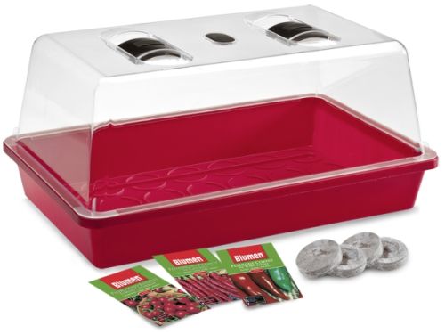 Das Chili-Gewächshaus gehört zur Jiffy Serie „My First Garden“, die auch andere Themenbereiche wie „Vive la France“ und „Viva Italia“ abdeckt und dafür beispielsweise Saatgut für Ratatouille oder Gemüse-Antipasti beinhaltet. Da die Mini-Gewächshäuser kaum Platz beanspruchen, passen sie selbst auf schmale Fensterbänke und kleine Balkone. Verstellbare Lüftungsklappen und ein lichtdurchlässiges Gehäuse sorgen für eine optimale Belüftung und Temperierung der Jungpflanzen und bieten so die bestmögliche Umgebung für ein erfolgreiches und stabiles Wachstum.
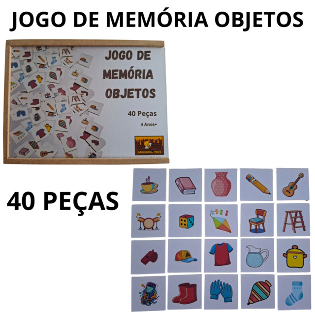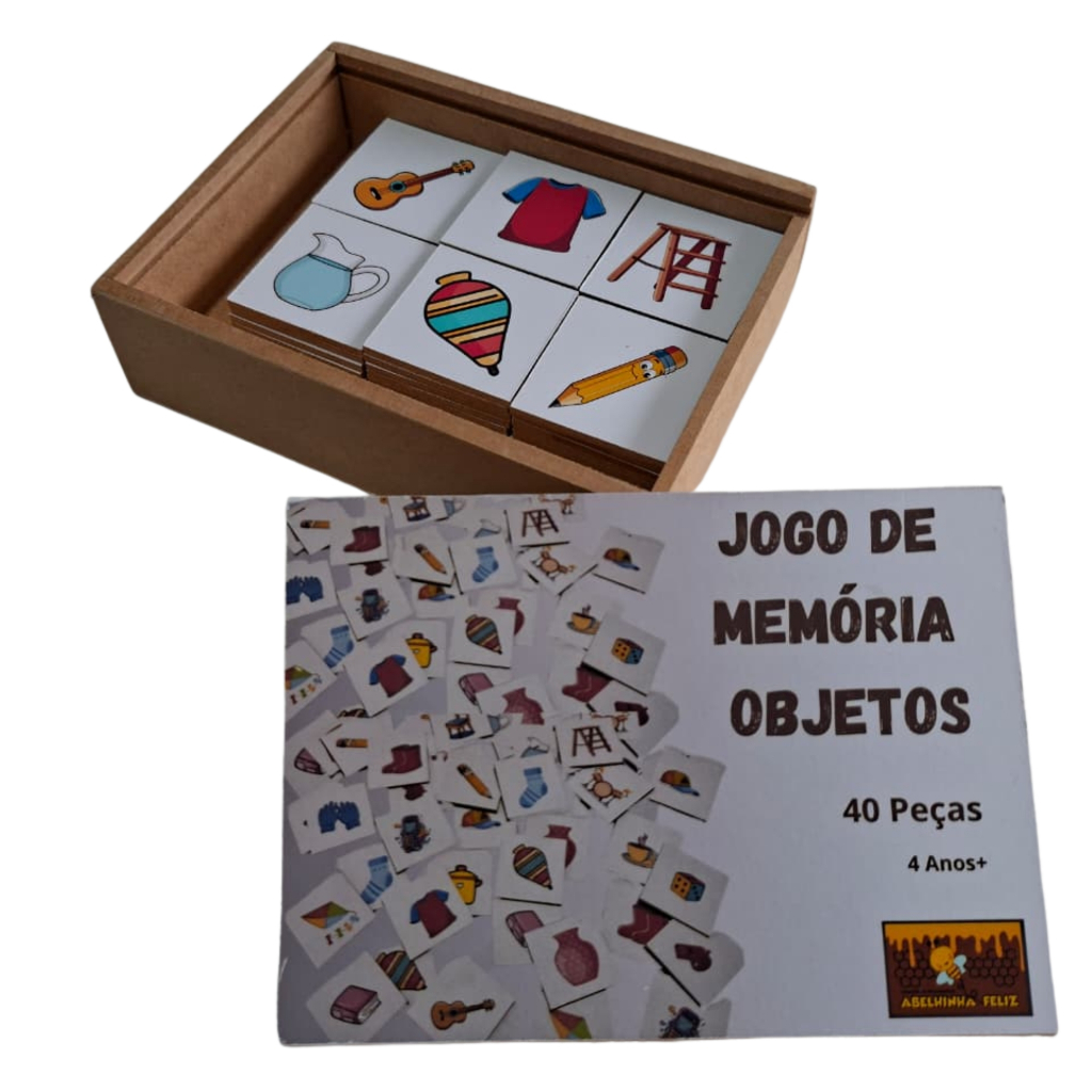 JOGO DA MEMÓRIA OBJETOS 40 PEÇAS EM MDF COM CAIXA
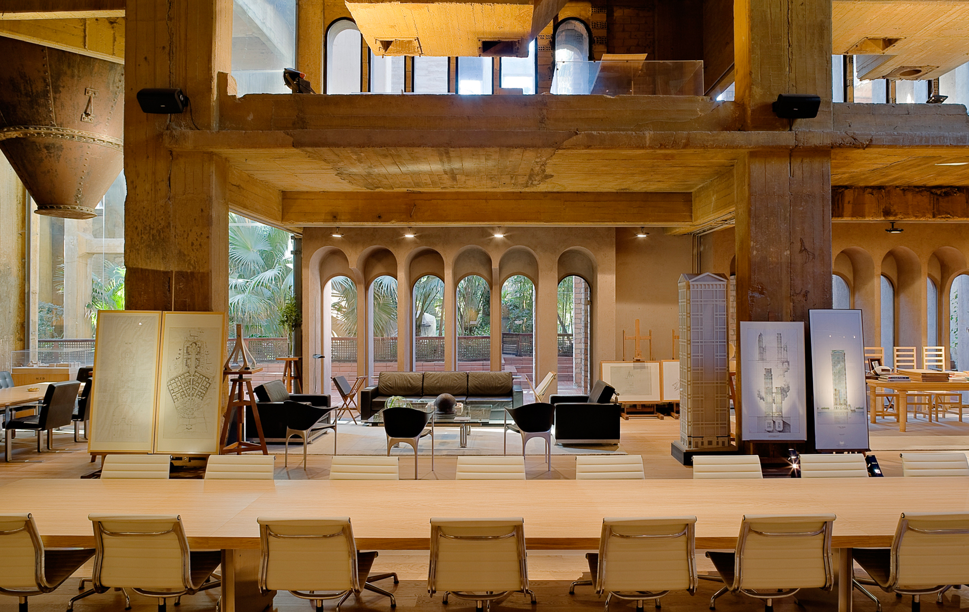 Обстановка для его коллекции модернистской мебели, фабрика представляет собой заново изобретенную структуру, «где пространство используется для всего». Бофилл подошел к ремонту с минималистичным подходом и использовал простые материалы, сохранив грубые поверхности и промышленные элементы оригинального здания.
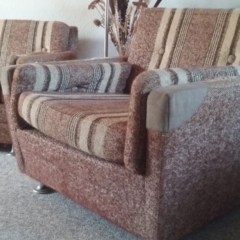 Sofaen har to sæder som kan lægges ned, og lænestolen kan også lægges ned.
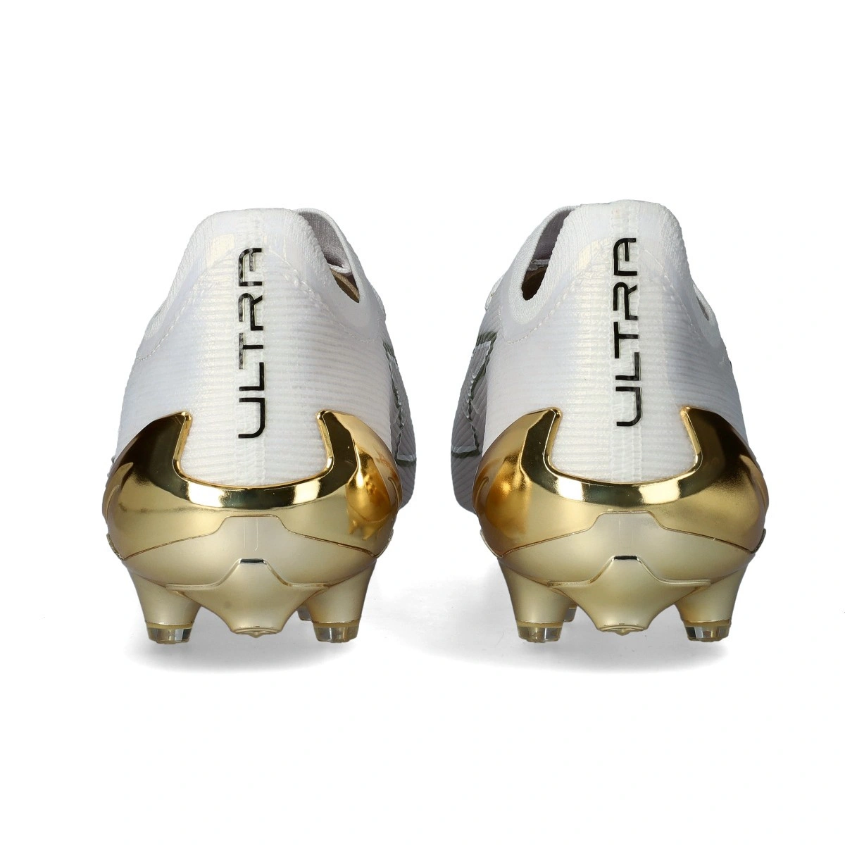 Chaussure de football Puma Ultra 6 Ultimate AG. Chaussures en microfibre pour terrains en gazon artificiel. Chaussures haut de gamme en couleur White-Metallic Gold-Black.
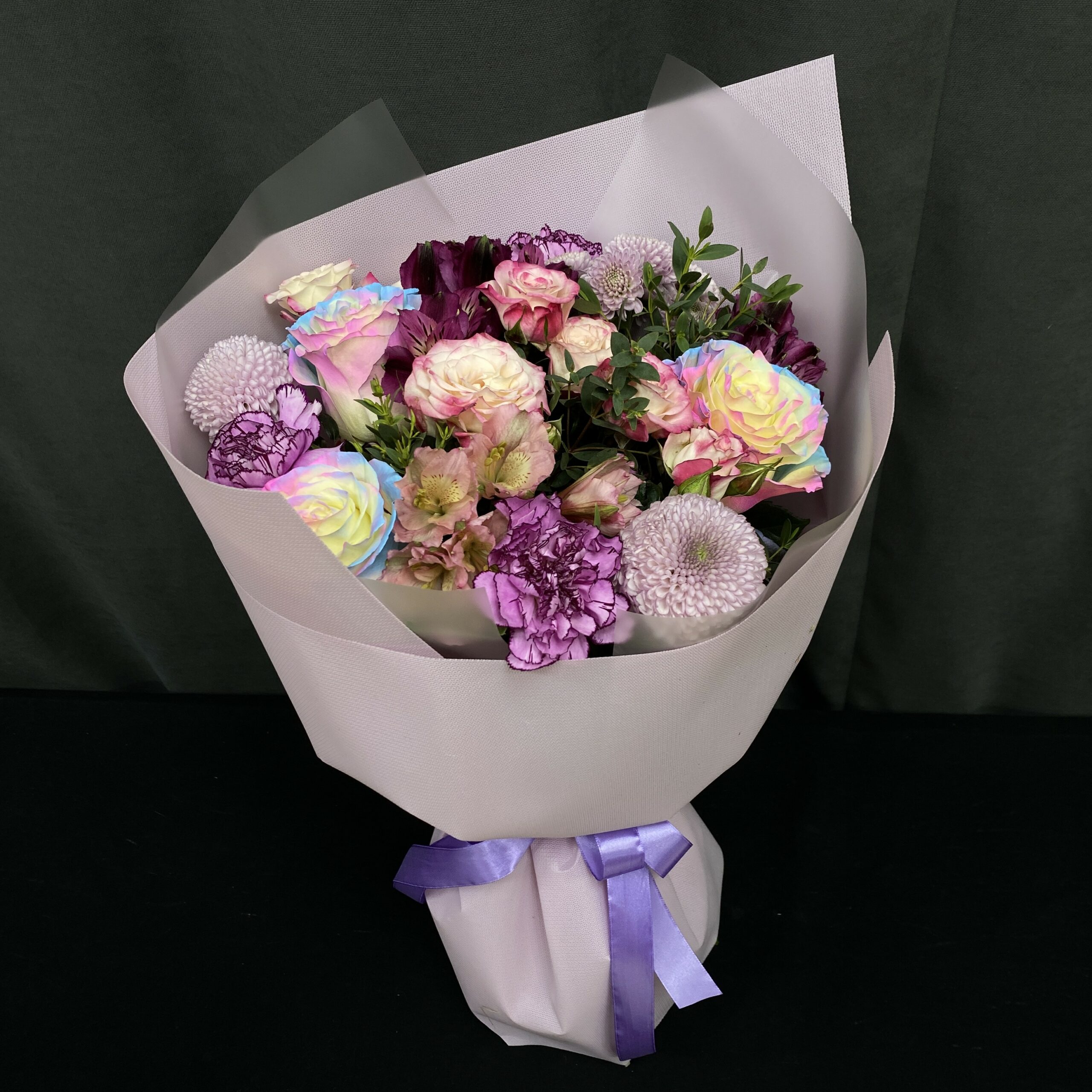 Состав: Альстромерия розовая – 1 шт, Альстромерия фиолетовая – 2 шт, Диантус сиреневый – 3 шт, Кустовая роза бело-розовая – 2 шт, Роза Эквадор Маршмеллоу – 3 шт, Хризантема сантини – 2 шт, Хризантема одноголовая розовая – 2 шт, Эвкалипт, Лента (атласная), Упаковка (дизайнерская пленка).

::::

About this task: Would you print exactly the lines in the listing above, from the line bearing "Обстановка для его" through the line bearing "Sofaen har to", leaving out all pictures?

Solution:
 Обстановка для его коллекции модернистской мебели, фабрика представляет собой заново изобретенную структуру, «где пространство используется для всего». Бофилл подошел к ремонту с минималистичным подходом и использовал простые материалы, сохранив грубые поверхности и промышленные элементы оригинального здания.
 Sofaen har to sæder som kan lægges ned, og lænestolen kan også lægges ned.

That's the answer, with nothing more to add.